Year: Team; Games; Passing; Rushing; Sacked
GP: GS; Record; Cmp; Att; Pct; Yds; Y/A; Lng; TD; Int; Rtg; Att; Yds; Y/A; Lng; TD; Sck; Yds
2000: SEA; 5; 4; 0–4; 49; 87; 56.3; 540; 6.2; 45; 3; 2; 76.8; 5; 29; 5.8; 10; 0; 13; 72
2001: SEA; 1; 0; —; 9; 17; 52.9; 127; 7.5; 44; 1; 0; 96.9; 1; 11; 11.0; 11; 0; 1; 5
2002: IND; 0; 0; —; DNP
2003: IND; 2; 0; —; 2; 3; 66.7; 22; 7.3; 13; 0; 0; 88.2; 3; 8; 2.7; 9; 0; 1; 3
2004: SEA; 0; 0; —; Did not play due to injury
Career: 8; 4; 0–4; 60; 107; 56.1; 689; 6.4; 4; 3; 45; 80.3; 9; 48; 5.3; 11; 0; 15; 80

===College ===

Year: Team; Games; Passing; Rushing
GP: GS; Record; Cmp; Att; Pct; Yds; Y/A; TD; Int; Rtg; Att; Yds; Avg; TD
1995: Washington; 0; 0; —; Redshirted
1996: Washington; 12; 9; 7–2; 108; 217; 49.8; 1,678; 7.7; 13; 5; 129.9; 39; 12; 0.3; 2
1997: Washington; 11; 11; 8–3; 106; 244; 59.8; 2,140; 8.8; 23; 10; 156.4; 31; −82; −2.6; 1
1998: Washington; 10; 10; 4–6; 168; 315; 53.3; 1,924; 6.1; 15; 12; 112.7; 44; 31; 0.7; 0
Career: 33; 30; 19–11; 422; 776; 54.4; 5,742; 7.4; 51; 27; 131.3; 114; −39; −0.3; 3

Sources:

==Post-football years==
In 2019, Huard was named as a color commentator on the No. 2 team for Fox Sports' college football telecasts, joining Joe Davis and later, Jason Benetti for games in the Pac-12, Big Ten, and Big 12. He has been an announcer for ESPN Pop Warner football specials live from Disney's Wide World of Sports. In August 2008, Huard joined ESPN.

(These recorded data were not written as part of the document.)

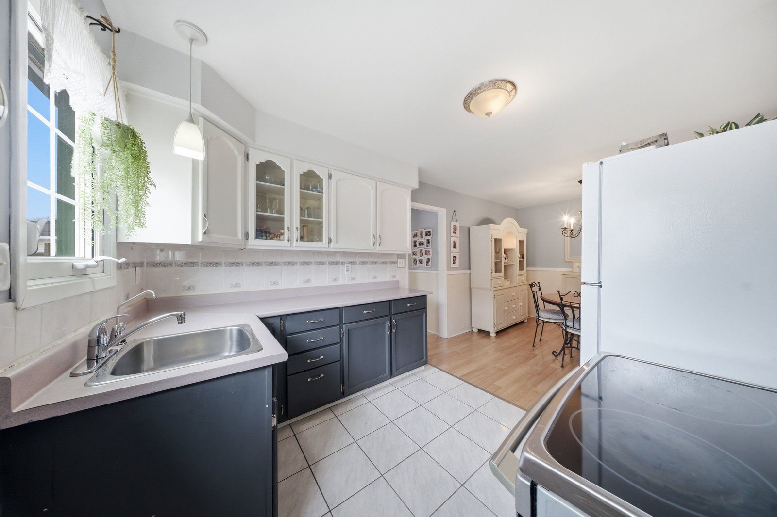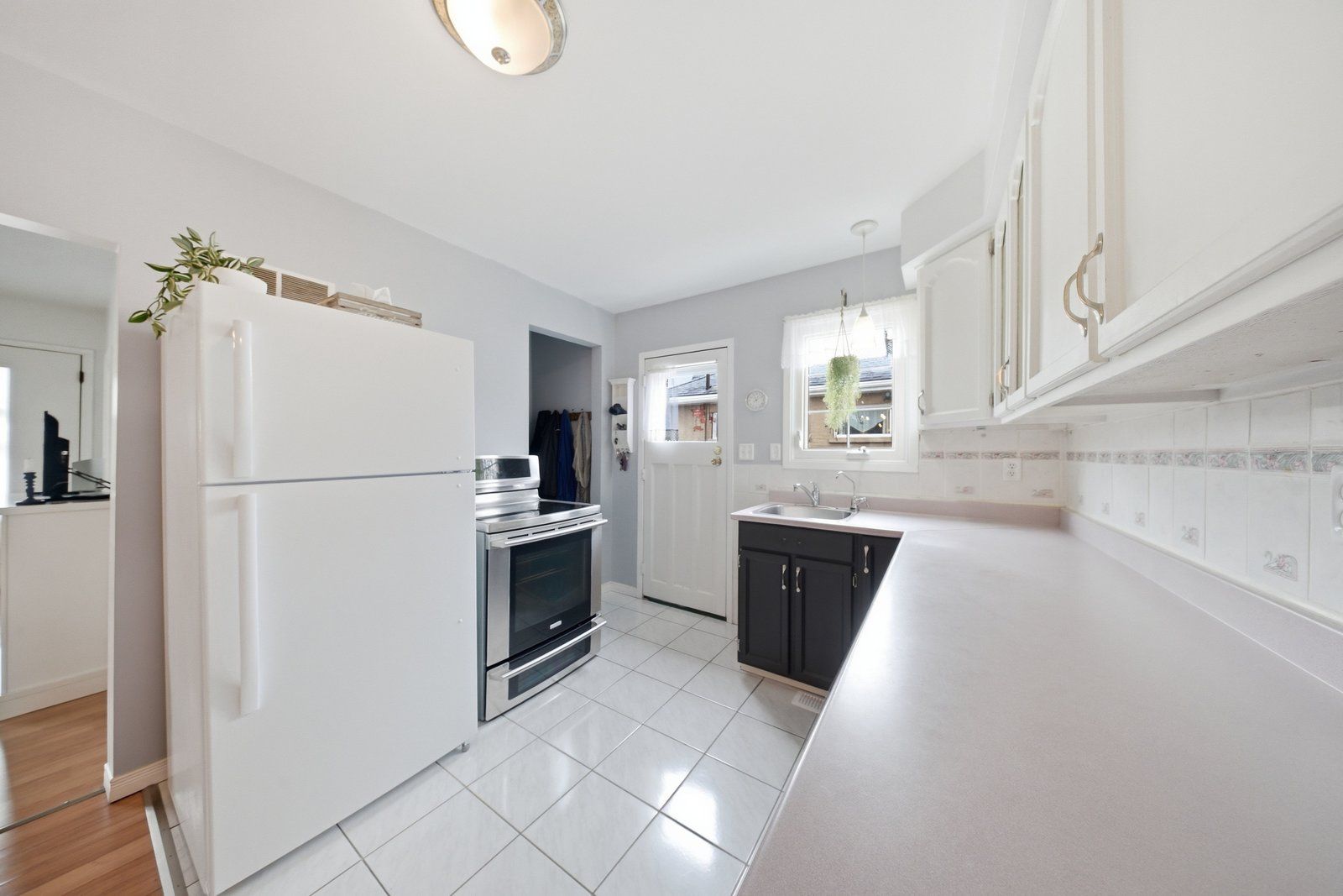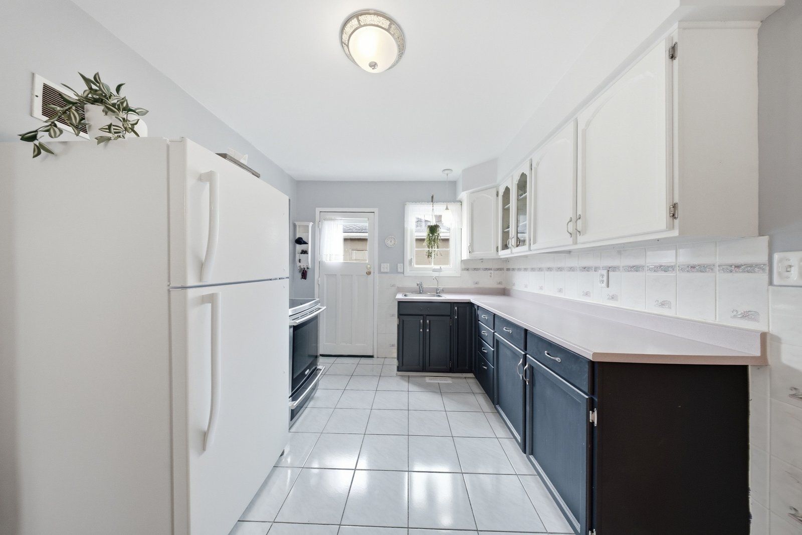 • Spacious eat-in kitchen with two-tone cabinetry and side entrance.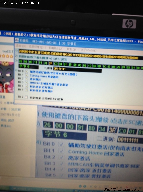 37、然后就是刷其他的隐藏,我只刷了其中几个我觉得必要的,例如倒车时右边倒车镜下翻(需要正常行进15KM/H以上速度才又自动复位),刷了蓄电池电量显示、运动指针、锁车和解锁有蜂鸣B一声、等等,有的是说明书上有的,有的是潇洒老白的帖子上有的。我举点例子,其他的各位就参考说明书和高手的帖子去研究了。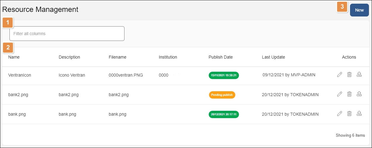 2. Lista de recursos. Se muestran todos los recursos cargados en el servidor para el producto seleccionado en el menú desplegable de productos. La información del recurso se divide en las columnas siguientes: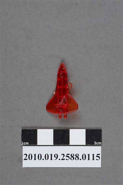 1.本件物為太空梭造型尪仔仙,為紅色透明的塑膠材質。外型為無火箭推進器的太空梭,機身切割出的六個圓柱體為軌道運行器,機尾則是發動機。機翼設於中後方,機身左側有一圓環,右側有射出痕,機尾有些微磨痕。機腹設有三個機輪,近機尾處有明顯磨痕。本系列尪仔仙多為相同塑膠模版,僅有顏色不同,或是同色同塑膠模版等形式。2.尪仔仙有小、中、大型之分,小型約長2公分,中型約長8-15公分左右,顏色以單色為主。長型則可長達30公分,以佛像、菩薩、神仙和唐三藏等造型為主,塗上金銀紅黃彩漆等亮色。1960、70年代的尪仔仙多以宗教、神話、布袋戲人物為造型。1980年代改以卡通、電玩、漫畫人物造型為主。常見玩法為兩人(或多人)各持一只尪仔仙,輪流用手指彈射,看誰的尪仔仙先疊在對方上面,便可贏得對方用來對戰的尪仔仙。五○年代的尪仔仙,擁有豐富的色彩,小型尪仔仙約2公分,內容包羅萬象。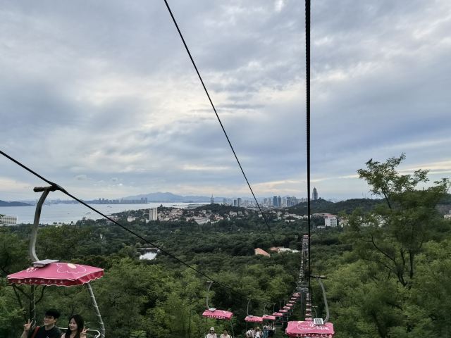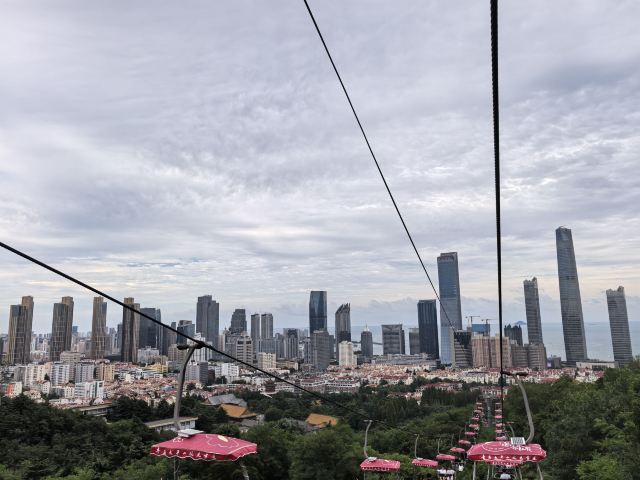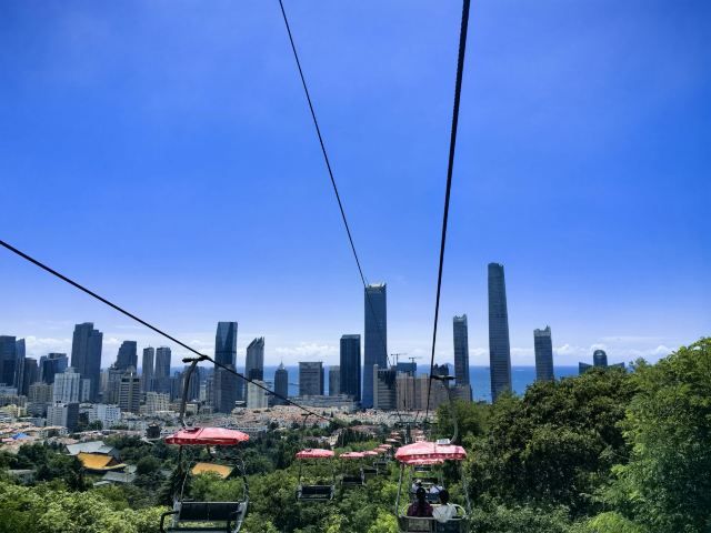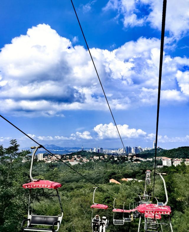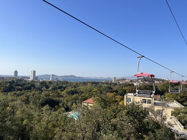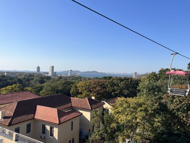 乘坐缆车看不同的风景^_^,超级超级好的体验,在进口处,是索道中间部分,认真看是中间,可以先乘坐去下山,看红瓦,蓝天,大海,很多种颜色的植物,秋天太美啦!游玩一会儿,再坐索道上山欣赏风景!回到索道中间部分,继续坐缆车下山看高楼大厦,看银色的大海,超级震撼!然后在附近游览,玩开心了之后,坐缆车回到索道中间部分!也就是起点!非常值得乘坐,立体鸟瞰如画的风景!有机会再次乘坐!

He is a co-host on a sports radio talk show KIRO-AM (710 ESPN Seattle), the Brock and Salk show, with co-host Mike Salk. The Brock and Salk radio show on ESPN 710 Seattle moved to podcast only in late September 2019 but returned to weekday morning broadcasts in September 2022. Huard has done color commentary for Fox Sports Networks on their XFL football games and was the color analyst with play-by-play announcer Bob Wischusen for ESPN college football broadcasts, primarily in the SEC and Big Ten. From 2013 to 2022, Huard was the color commentator for Seahawks preseason games with Curt Menefee of Fox Sports doing play-by-play on KCPQ and KZJO (replay).

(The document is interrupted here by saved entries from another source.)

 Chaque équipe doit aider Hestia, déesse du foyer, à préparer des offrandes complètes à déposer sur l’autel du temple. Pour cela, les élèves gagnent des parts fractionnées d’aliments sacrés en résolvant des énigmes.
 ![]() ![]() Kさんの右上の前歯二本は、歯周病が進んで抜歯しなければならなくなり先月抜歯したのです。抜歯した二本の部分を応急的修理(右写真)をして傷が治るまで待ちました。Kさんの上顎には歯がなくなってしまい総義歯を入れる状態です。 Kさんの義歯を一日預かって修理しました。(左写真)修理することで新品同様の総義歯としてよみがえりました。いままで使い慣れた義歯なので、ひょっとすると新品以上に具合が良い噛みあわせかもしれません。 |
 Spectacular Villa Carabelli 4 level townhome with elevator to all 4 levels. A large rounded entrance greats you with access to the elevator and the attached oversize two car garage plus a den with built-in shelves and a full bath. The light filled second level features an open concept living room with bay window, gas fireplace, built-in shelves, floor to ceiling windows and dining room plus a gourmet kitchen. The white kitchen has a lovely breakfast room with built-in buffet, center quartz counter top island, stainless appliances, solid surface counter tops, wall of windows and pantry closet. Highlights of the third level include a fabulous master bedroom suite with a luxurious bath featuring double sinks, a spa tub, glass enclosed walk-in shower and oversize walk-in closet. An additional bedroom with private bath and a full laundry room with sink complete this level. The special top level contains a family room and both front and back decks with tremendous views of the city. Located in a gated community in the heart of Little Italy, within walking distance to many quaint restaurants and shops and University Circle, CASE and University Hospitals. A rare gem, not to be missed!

In 2020, Huard called NFL games for Fox, partnering up with Chris Myers and Greg Jennings from weeks 1–13, and Kevin Kugler from weeks 14–17. Huard is a sideline reporter for Fox telecasts of United Football League games. He began working in the position with the new league's Arlington vs. Birmingham season opener on March 30, 2024, after the XFL and USFL merged in the off-season.

In April 2025, Huard announced of the Real Hawk Talk podcast that he would be the tight ends coach for Valor Christian High School in Highlands Ranch, Colorado, his son's school, under head coach Mike Sanford Jr.